2. I dont understand the notation, what does $\displaystyle S = \mathbb{R} + R$ and what does $\displaystyle Sg$ or $\displaystyle Rf$ mean?
the notations are standard and i don't know how you didn't understand them?? $\displaystyle \mathbb{R}$ is the set of real numbers and $\displaystyle S=\mathbb{R} + R = \{r + f: \ \ r \in \mathbb{R}, \ f \in R \}.$

also $\displaystyle Sg = \{sg: \ s \in S \}$ and $\displaystyle Rf = \{hf: \ h \in R \}.$
• Dec 6th 2009, 06:29 AM
EinStone
Ok thanks for clarification.

Quote:

Originally Posted by NonCommAlg
the degree of $\displaystyle f =\sum a_n x^{\alpha_n} \in R$ is the first non-zero element in the sequence $\displaystyle \{\alpha_1, \alpha_2, \cdots \}.$

Here $\displaystyle \{\alpha_1, \alpha_2, \cdots \}$ you mean $\displaystyle \{a_1, a_2, \cdots \}$ right?

Ok and another question:
If we allow $\displaystyle \alpha_1 = 0$ then R has an identity and therefore a maximal ideal.

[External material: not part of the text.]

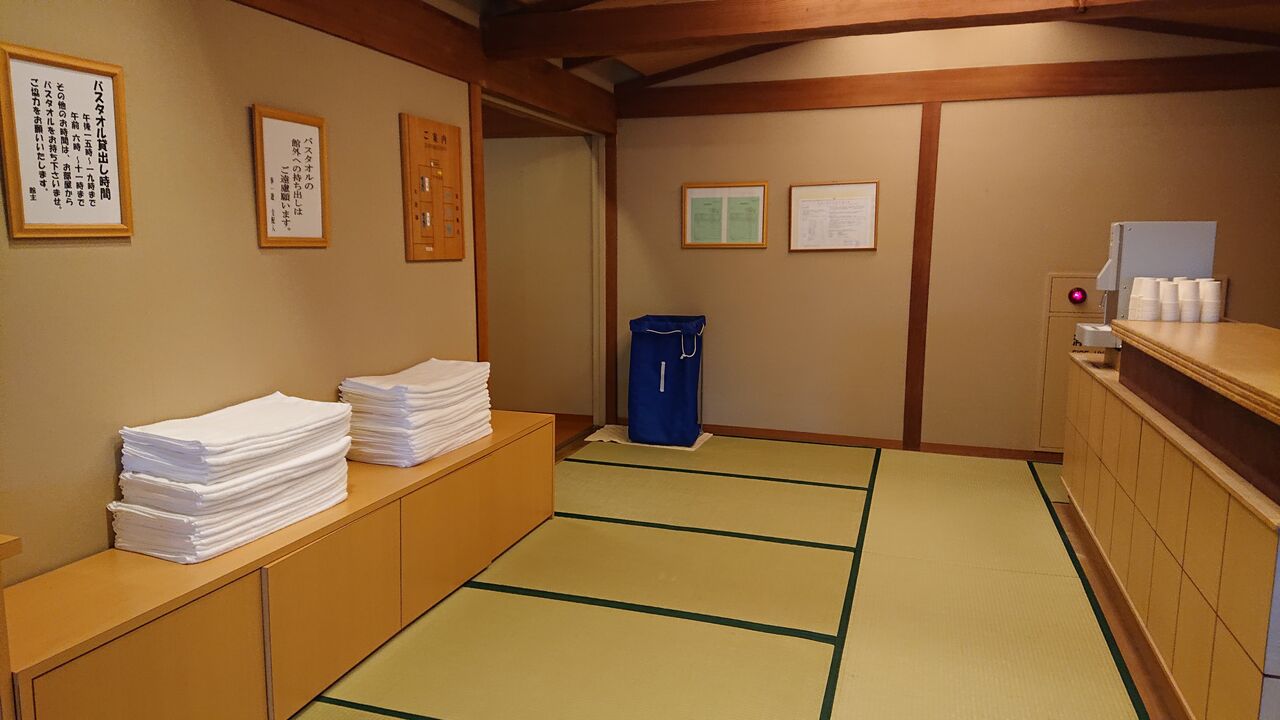バスタオルは時間限定で、大浴場に用意されています。

Prove that in this case the maximal ideal is unique and identify it.

I cant find the maximal ideal, anyone has an idea?
• Dec 6th 2009, 07:48 AM
NonCommAlg
Quote:

Originally Posted by EinStone

Here $\displaystyle \{\alpha_1, \alpha_2, \cdots \}$ you mean $\displaystyle \{a_1, a_2, \cdots \}$ right?

that was a terrible typo i made. i just fixed it and you should take a look at it again.

Quote:

If we allow $\displaystyle \alpha_1 = 0$ then R has an identity and therefore a maximal ideal. Prove that in this case the maximal ideal is unique and identify it.
I cant find the maximal ideal, anyone has an idea?
well, if you allow $\displaystyle \alpha_1=0,$ then you'll exactly get the ring $\displaystyle S=\mathbb{R}+R,$ which i already mentioned. in this case $\displaystyle R$ (your original ring) would be the unique maximal ideal of this new ring $\displaystyle S.$

first see that $\displaystyle R$ is indeed an ideal of $\displaystyle S.$ now let $\displaystyle I$ be any ideal of $\displaystyle S$ not contained in $\displaystyle R.$ so $\displaystyle I$ has an element of the form $\displaystyle f=a_1 + \sum_{j=2}^{\infty}a_jx^{\alpha_j}, \ \ a_1 \neq 0, \ 0 < \alpha_2 < \alpha_3 < \cdots.$ but then $\displaystyle f$
would have an inverse in $\displaystyle S$ and, since $\displaystyle I$ is an ideal, we get $\displaystyle 1=f \cdot \frac{1}{f} \in I.$ thus $\displaystyle I=S.$ so every proper ideal of $\displaystyle S$ is contained in $\displaystyle R$ and hence $\displaystyle R$ is the unique maximal ideal of $\displaystyle S.$
• Dec 6th 2009, 08:01 AM
EinStone
Ok good I get this. To see that R is an ideal in S, it is sufficient to show that $\displaystyle r*s \in R$ if $\displaystyle r \in R$ and $\displaystyle s \in S$ right?